→ **About this exercise**:
Give the data again exactly as written, without any of its pictures.

→ **Collected data**:
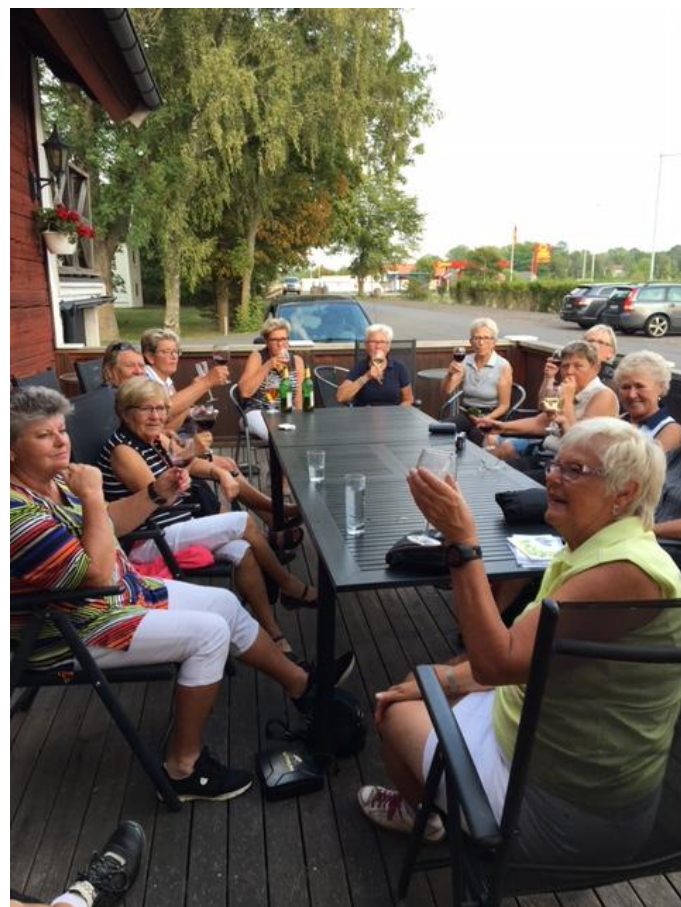
Nu har alla spelat färdigt och det är dags för mat.
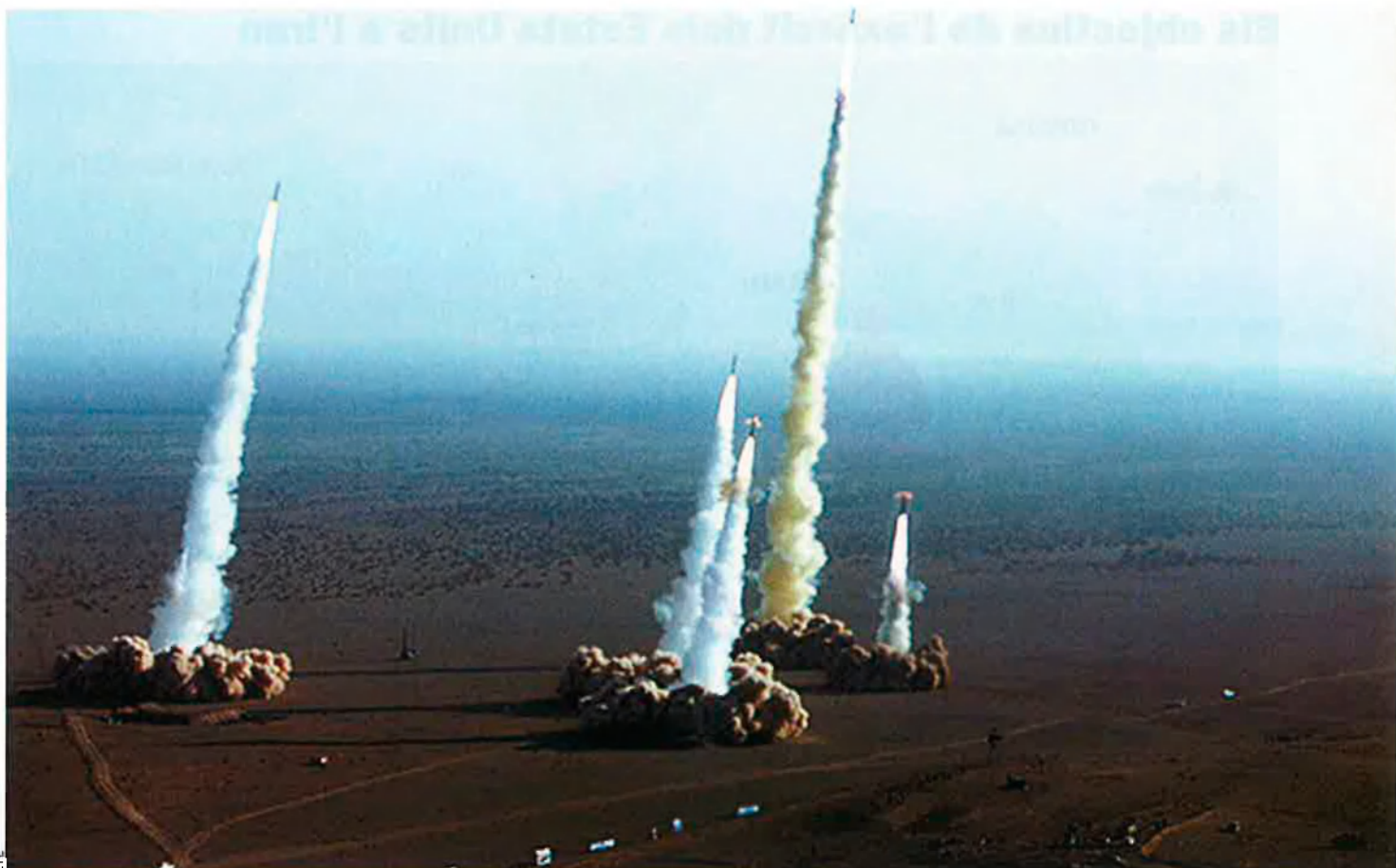
El règim iranià ha volgut donar mostres de la seva capacitat militar amb accions com el llançament de míssils de mitjà i llarg abast des de plataformes mòbils, fet al desert dels afores de la ciutat de Qom el passat mes de novembre.

J. Hadley, explicava fa uns dies a la cadena televisiva NBC que els Estats Units resistirien les temptatives de l'Iran de voler imposar la seva hegemonia a la regió i no negava, en una entrevista en una altra cadena poc després, que el seu govern estigués disposat a envair l'Iran.
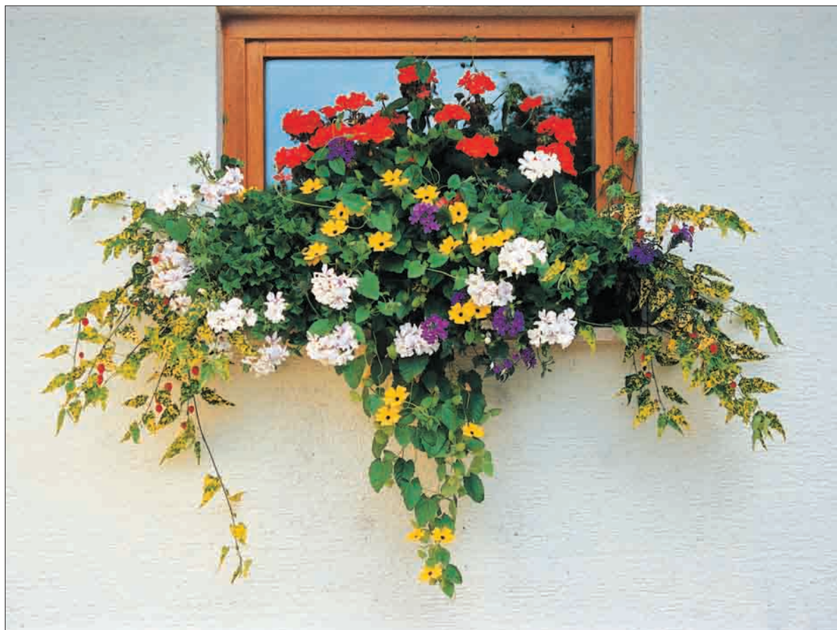
Leto 2004 – bogat, pisan šopek poletnega cvetja.
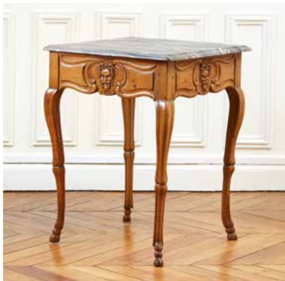
152 Table d'appoint carrée en bois fruitier mouluré et sculpté à décor en ceinture d'un masque de satyre dans un cartouche. Pieds cambrés terminés par des sabots de biche. Plateau de marbre gris veiné à bec de corbin. Travail provincial en partie du XVIII e siècle. H : 70 - L : 54 - P : 53 cm. 150/200 €
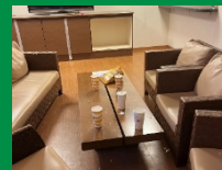
ラウンジのゴミの放置

子どもたちがルールを守って遊び、ゴミも持ち帰って、帰宅時間も守るように、各ご家庭で再度お子様にお話をお願いいたします。
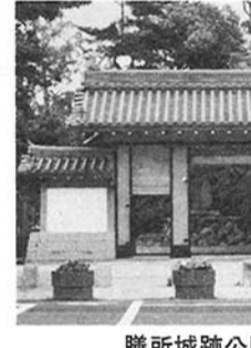
膳所城跡公園の門
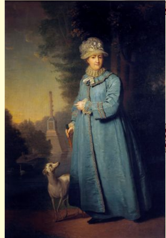
«Екатерина II на прогулке в Царскосельском парке»
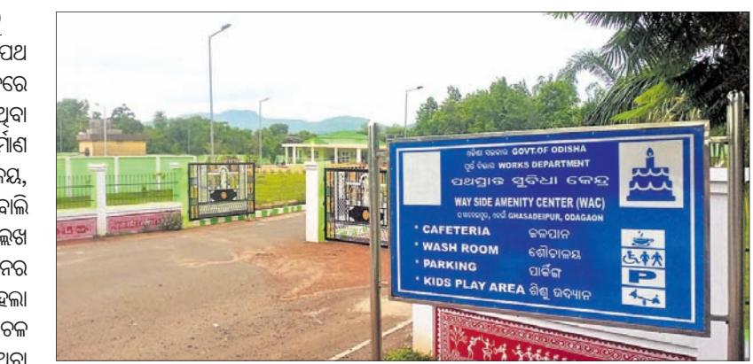
ଓଡ଼ିଶାରେ ଥିବା ପଥପ୍ରାନ୍ତ ସୁବିଧା କେନ୍ଦ୍ର।

ଓଡ଼ିଶା, ୧୭୭୭ (ଅକ୍ଷୟ କୁମାର ମହାରଣା) ଓଡ଼ିଶା ସରକାର ଉପକ୍ରମଣ ୨୧ ନମ୍ବର ରାଜ୍ୟପଥ ପାର୍ଶ୍ୱରେ ଥିବା ପଥପ୍ରାନ୍ତ ସୁବିଧା କେନ୍ଦ୍ରରେ ଲୋକେ ମୌଳିକ ସୁବିଧାରୁ ବଞ୍ଚିତ ହୋଇଥିବା ଜଣାଯାଇଛି।
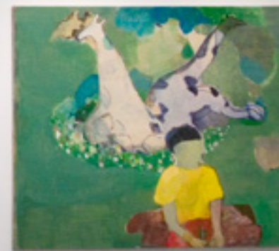
Cristina Canale 2007 -- Instituto Tomie Ohtake vista da exposição/exhibition view
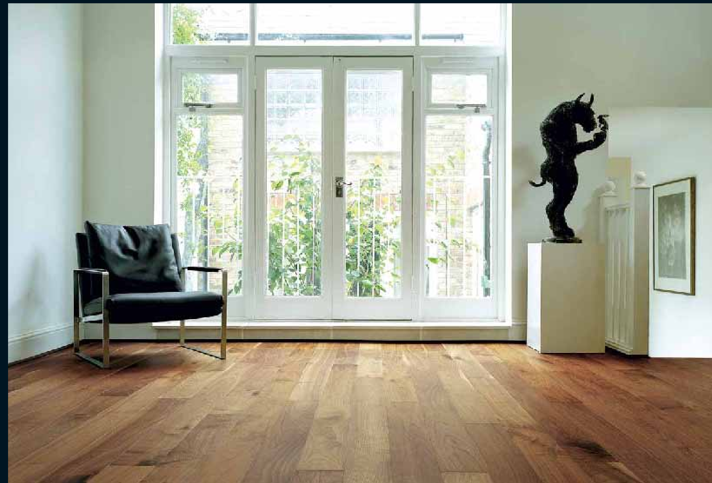
CLASSIC LAUBHOLZ AMERIKANSICHE WALNUSS / Classic hardwoods Americ. Walnut / Classic feuillus Noyer U.S. / Classic latifoglie Noce americ. / Classic frondosas Nogal Americ.
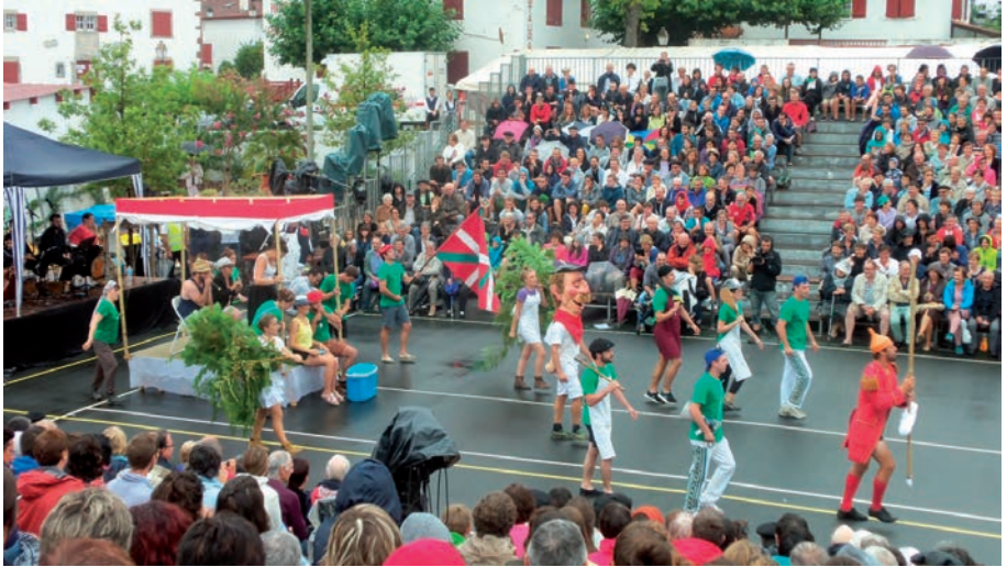
Zirtzilak bazterrak nabasten
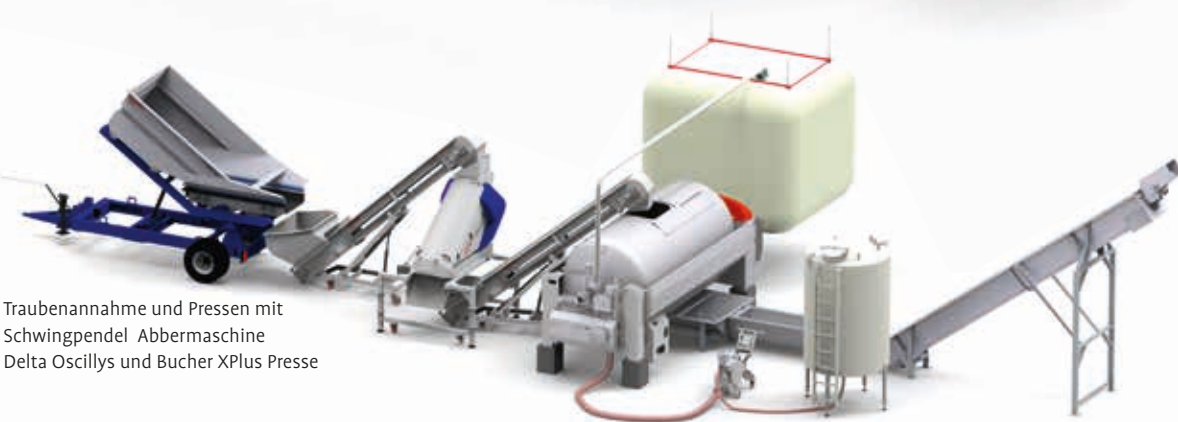
Traubenannahme und Pressen mit Schwingpendel Abbermaschine Delta Oscillys und Bucher XPlus Presse

→ **Task solution**:
Nu har alla spelat färdigt och det är dags för mat.
El règim iranià ha volgut donar mostres de la seva capacitat militar amb accions com el llançament de míssils de mitjà i llarg abast des de plataformes mòbils, fet al desert dels afores de la ciutat de Qom el passat mes de novembre.

J. Hadley, explicava fa uns dies a la cadena televisiva NBC que els Estats Units resistirien les temptatives de l'Iran de voler imposar la seva hegemonia a la regió i no negava, en una entrevista en una altra cadena poc després, que el seu govern estigués disposat a envair l'Iran.
Leto 2004 – bogat, pisan šopek poletnega cvetja.
152 Table d'appoint carrée en bois fruitier mouluré et sculpté à décor en ceinture d'un masque de satyre dans un cartouche. Pieds cambrés terminés par des sabots de biche. Plateau de marbre gris veiné à bec de corbin. Travail provincial en partie du XVIII e siècle. H : 70 - L : 54 - P : 53 cm. 150/200 €
ラウンジのゴミの放置

子どもたちがルールを守って遊び、ゴミも持ち帰って、帰宅時間も守るように、各ご家庭で再度お子様にお話をお願いいたします。
膳所城跡公園の門
«Екатерина II на прогулке в Царскосельском парке»
ଓଡ଼ିଶାରେ ଥିବା ପଥପ୍ରାନ୍ତ ସୁବିଧା କେନ୍ଦ୍ର।

ଓଡ଼ିଶା, ୧୭୭୭ (ଅକ୍ଷୟ କୁମାର ମହାରଣା) ଓଡ଼ିଶା ସରକାର ଉପକ୍ରମଣ ୨୧ ନମ୍ବର ରାଜ୍ୟପଥ ପାର୍ଶ୍ୱରେ ଥିବା ପଥପ୍ରାନ୍ତ ସୁବିଧା କେନ୍ଦ୍ରରେ ଲୋକେ ମୌଳିକ ସୁବିଧାରୁ ବଞ୍ଚିତ ହୋଇଥିବା ଜଣାଯାଇଛି।
Cristina Canale 2007 -- Instituto Tomie Ohtake vista da exposição/exhibition view
CLASSIC LAUBHOLZ AMERIKANSICHE WALNUSS / Classic hardwoods Americ. Walnut / Classic feuillus Noyer U.S. / Classic latifoglie Noce americ. / Classic frondosas Nogal Americ.
Zirtzilak bazterrak nabasten
Traubenannahme und Pressen mit Schwingpendel Abbermaschine Delta Oscillys und Bucher XPlus Presse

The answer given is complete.